Filaria - Brent Hayward [98]
Mereziah groaned, retching, wishing the mask or whatever it was over his mouth would suffocate him.
Steven’s hand still rubbed at his back. As those fingers pressed firmly against his spine, Mereziah finally understood what the man had implied in their brief, confused conversation: cognition filtered down through the miasma of self-pity and pain exactly like a distant light overhead was now doing, filtering down through the haze of smoke and rain and grey vapour. Suns, Steven had said. So now Mereziah understood. He said, “We are at the top of the world.”
“Yes.” Steven nodded. “We’re in a field, on the uppermost level.”
Since there was already moisture on Mereziah’s face, and his eyes had been watering for some time, it was hard for him to tell if more tears sprung from his ducts just then. The top of the world . . . How could this place — this muddy disaster — be the fabled upper reaches? Where were the fancy balls? Where were the green fields? Where were the children playing, laughing in the warm and welcoming light?
Both men, for a moment, were silent with their own disillusionments. Aside from the muted groans of the nearby wounded and the dripping of the dying rain, there was relative silence. Mereziah imagined that he might have shattered, with his own blatant disrespect for his position, with his bad decisions and addled capabilities, all bonds that held fragments of life, world, and reality together. Surely, it wasn’t possible that the upper level had always been like this: corrupt, smoky, filled with pain. That his lifelong dreams to reach here were a bitter joke, revealed to him just now, in his last days, after everything else had turned to shit.
Or did he bring this misery here?
“Was there,” Mereziah said carefully, “anybody else with me when you found me?”

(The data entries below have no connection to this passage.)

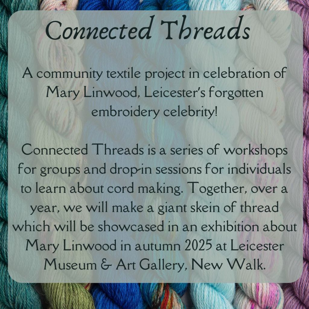Connected Threads is about making textiles together. We will run a series of workshops for groups and drop-in sessions for individuals to learn about cord making. Together, over a year, we will make a giant skein of thread which will be showcased in an exhibition about Mary Linwood in autumn 2025 at Leicester Museum & Art Gallery, New Walk.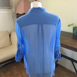 ✨Gypsy 05 Dianne Silk button up sheer top. Sold at Anthropologie. Size small. In gently used excellent condition. Can roll down the sleeves to wear as full sleeves. Beautiful shimmery pearlescent buttons. This top will make you feel like your floating. Looks great with jeans and flats! 100% SILK. Shoulders 17" this top is almost boyfriend style waist is 18" hips 18.5" total length 25.5" It fits very YFB, loose and hanging, but is also translucent so you can wear a tank under it.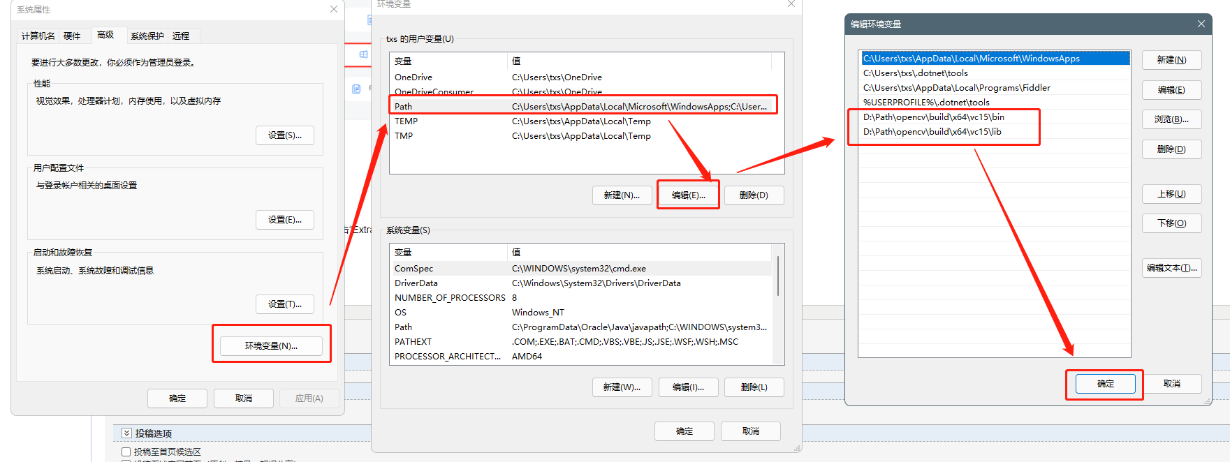 (3)配置OpenCV环境变量。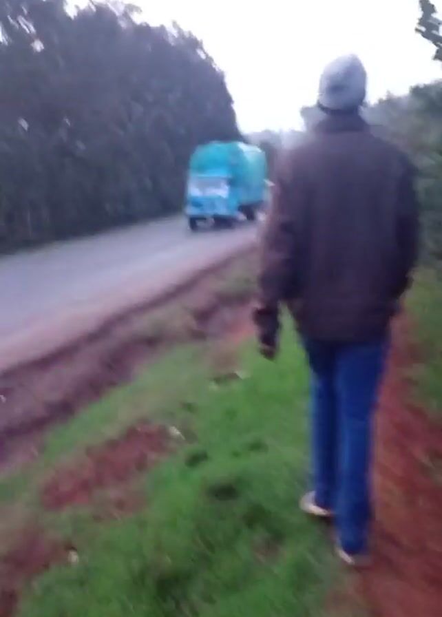 person walking on a dirt path next to a road. The person is wearing a dark jacket, blue jeans, and a hat. The road has a few vehicles driving on it, including a blue truck with a green tarp covering its cargo. The path is bordered by green grass on one side and a small cliff leading down to the road on the other. There are trees in the background. The sky is overcast, and the light is dim.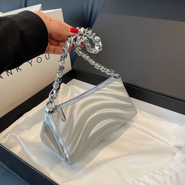 Chain Strap Triangle Faux Leather Crossbody Bag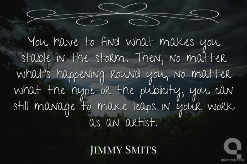 You have to find what makes you stable in the storm. Then, no matter what's happening round you, no matter what the hype or the publicity, you can still manage to make leaps in your work as an artist.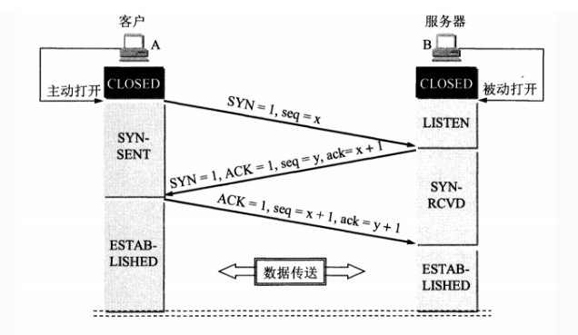**第一次握手:**建立连接时,客户端发送syn包(syn=j)到服务器,并进入SYN_SENT状态,等待服务器确认;SYN:同步序列编号(Synchronize Sequence Numbers)。

“No, sir. There were no other people, I’m afraid. Are you searching for anyone in particular? A loved one?”
“I’m searching for someone, yes . . . These are fields?” He tried again, futilely, to sit up. “I’m in a field?”
“It used to be one, when this place first opened. We’re near the easternmost part of Grant Park. But everything’s changed . . . Listen to me, I tell you not to talk and then I ask you questions. Rest, sir, rest.” Steven’s hand remained on Mereziah’s shoulder. “Try not to breathe too deeply. You’ve been given menzatane. More help will be here soon . . . Now I have to attend other people. I have to go back down.”
“Look for a girl,” Mereziah implored, words rasping out of his dry throat. “Look for a young girl . . .”
“Your granddaughter?”
Mereziah winced. He lay back down. Shame had succeeded in crushing him flat. These fields, he thought, are consumed with fire and drowned in water. There are no parties. No fresh air. No laughter or open grass. Because I have brought a plague upon the world. I am pestilence. I have killed a dozen people. I have killed an innocent girl.
A loud and violent disturbance from the fog jolted him from his unpleasant reveries: agitated shouts, the tremendous sound of something large and fundamental shifting under him, trembling the very ground. He tried to get up onto one elbow; pain, spreading through him, was once again exquisite.
The man, Steven, was nowhere to be seen.
Moans coming out from the bank of mists now were certainly from a living creature, but not from any human. Peering in the direction, touched all over by goosebumps, Mereziah could not see the source. Had he heard this sound before? Was that a shadow, moving? Silhouettes of some huge bulk?
Now two men burst from the fog and smoke, running straight at him, in a panic, stumbling past on the slick ground and splashing him with mud and rain —
A massive shape, massive shadow, lumbering closer but still obscured within the grey confines. Again and again the ground shook. Mereziah, to his astonishment, actually got unsteadily to his feet — holding his left arm cradled; it remained useless.
Then all the smoke and mists and fog blanketing the landscape suddenly swirled upward into a vortex, torn away in an instant.